Cleavage and Isolation of Monomer


To cleave the monomer peptide from the resin and to remove side chain protecting groups on the peptide, the protected peptide resin was treated with a cleavage solution containing TFA:water:EDT:TIPS (87.5v:3.5v:8v:1v). The cleavage solution was chilled in the ice bath and thawed to room temperature before use. The cleavage reaction mixture was stirred for about 2 hrs at room temperature. The spent resin was filtered off and washed with a 90:10 mixture of TFA:water. The combined filtrates and washes were then precipitated into cold ethyl ether and centrifuged to collect the peptide. The ethyl ether was decanted, and the solid precipitate was washed three times with cold ethyl ether. The unpurified linear monomer was dried to constant weight under vacuum. TFA cleavage of this peptide resin resulted in a peptide with an Acm-protected Pen residues.
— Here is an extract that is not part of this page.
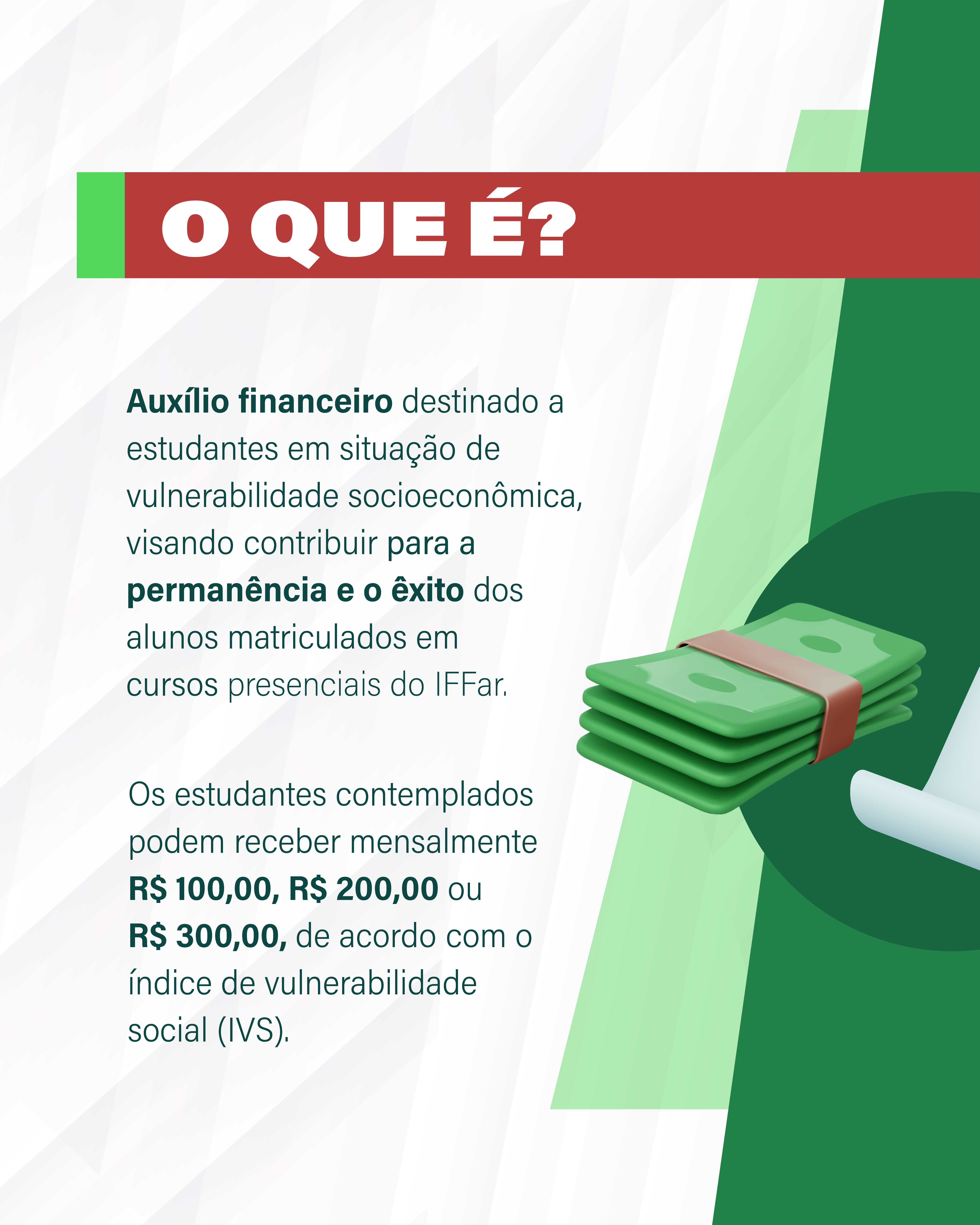 Auxílio financeiro destinado a estudantes em situação de vulnerabilidade socioeconômica, visando contribuir para a permanência e o êxito dos alunos matriculados em cursos presenciais do IFFar.

The unpurified monomer was analyzed by RP-HPLC Method 20-40-20 min (Phenomenex Aeris PEPTIDE 3.6 μ XB—C18 150×4.6 mm column), MPA: 0.1% TFA in water and MPB: 0.1% TFA in ACN). LC/MS was performed to verify the expected molecular weight of the linear monomer, and the observed MW of the main product was 1524.5±2 Da.


Disulfide Bond Formation Pen(Acm)


The unpurified linear monomer was dissolved (3.0 gram scale) in 50:50 ACN:water, then diluted to 20:80 ACN:water at a concentration of 2 to 3 mg/mL. While stirring with a magnetic stirrer, a I2/MeOH solution was added until the solution turned dark yellow. When the yellow color faded out, additional I2/MeOH solution was added until the reaction mixture stayed a dark yellow to amber color. The reaction was monitored using LCMS and HPLC. When the reaction is completed (uncyclized monomer≤5% (Area %), approximately 30 to 45 minutes), the reaction was quenched with ascorbic acid until a colorless solution was obtained. The reaction mixture was diluted with water (final solution ˜10:90 ACN:water) and purified as discussed below.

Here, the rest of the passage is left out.